In this chapter, we explore the role and significance of science – including all disciplines and focusing attention on the social sciences – in responding to the needs of emergency response and recovery during major environmental crises. First, we examine the role of science during two recent major environmental crisis events – the Deepwater Horizon oil spill (2010) and Hurricane Sandy (2012). Second, we briefly review several specific examples of social science applied to environmental crisis events – Cyclone Sidr in Bangladesh (2007), the Puerto Aysen earthquake in Chile (2007), and Hurricane Katrina in the US (2005). Third, we identify several distinctive characteristics of strategic science during environmental crises. Finally, we describe a modest research agenda to advance the role of science during environmental crises.

2 Science During Crisis: Two Examples

2.1 2010: Deepwater Horizon Oil Spill

On April 20, 2010, the Deepwater Horizon drilling platform catastrophically exploded and later collapsed into the sea, killing11 men and spilling over 4.9 million barrels of oil into the Gulf of Mexico, making it one of the worst man-made environmental disasters in US history (Mabus 2010; McNutt et al. 2012). Compared to other oil spills, Deepwater Horizon was unprecedented in its complexity and impact. At its peak, oil and tar balls contaminated the coastlines of all five Gulf states and led to the closure of 229,271 sq. km of federal waters to fishing (Mabus 2010). Response efforts included more than 47,000 personnel, 7,000 vessels, 120 aircraft, and the participation of scores of federal, state, and local agencies, universities, and non-governmental organizations (Mabus 2010).

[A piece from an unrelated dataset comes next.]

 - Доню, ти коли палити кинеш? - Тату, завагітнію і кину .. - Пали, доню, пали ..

In contrast to surface spills such as Exxon Valdez in Alaska (1989) or the Santa Barbara oil spill (1969), the Deepwater Horizon spill occurred at depth – crude oil flowed from a broken drill pipe approximately 1,500 m below the surface of the water. The extreme depth of the spill introduced new challenges in both engineering and environmental conditions that had to be overcome. Response crews needed ships with remotely operated vehicles equipped with sophisticated sensors, cameras, and robotic arms to navigate the wreckage and access the well. Engineers had to rapidly devise new capping devices to kill the well, which were thwarted by the formation of gas hydrates – crystals of methane ice that only form at depth – clogging the devices during several deployment attempts. Oil spilled into the Gulf continuously for nearly three consecutive months, polluting a three-dimensional area that extended vertically from the seafloor to the surface, and laterally across the Gulf, impacting the people, the environment, and the economy of the region.

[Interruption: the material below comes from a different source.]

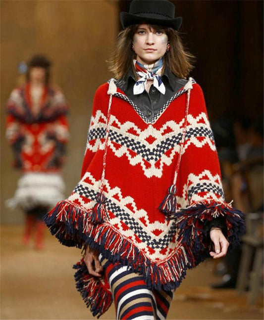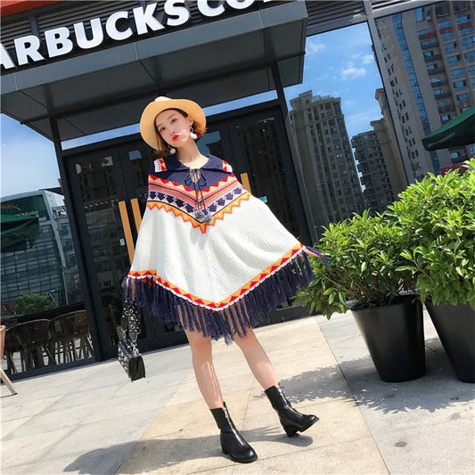Folk Style Tassel Knit Shawl Cloak Sweater

Science played a vital role in stopping and responding to the spill. Because of the extreme complexity of the disaster, researchers and engineers from across academia, the federal government, and the private sector were called on to contribute their expertise in fields such as oceanography, geology, underwater engineering, physics, public health, and ecology (Lubchenco et al. 2012). Teams of scientists and the leaders of major federal science agencies including the Department of Energy, the US Geological Survey, and the National Oceanic and Atmospheric Administration (NOAA) were stationed at or near Incident Command centers established throughout the Gulf. Tactical science response efforts included geochemical “fingerprinting” of the oil, calculating the rate of flow from the broken pipe, and modeling the surface migration of oil using information on currents in the Gulf. The National Science Foundation awarded over 11 million dollars through its Rapid Response grants to research the spill.

Social science research was ongoing during the spill (April–September 2010), though it was fragmented, sometimes ad hoc, and largely peripheral to the engineering, toxicology, and ecological research that formed the core of the scientific response. While the Natural Resources Damage Assessment (NRDA) mandated the documentation of human health, social impacts, economic impacts, and cultural resource damage, this work often lagged behind other NRDA needs. Later, in a post-incident review of science conducted during the crisis, Lubchenco et al. (2012) called for a “greater emphasis on social science data collecting including adequate baselines, to understand costs to the region and the nation of oil spill disasters” in the future.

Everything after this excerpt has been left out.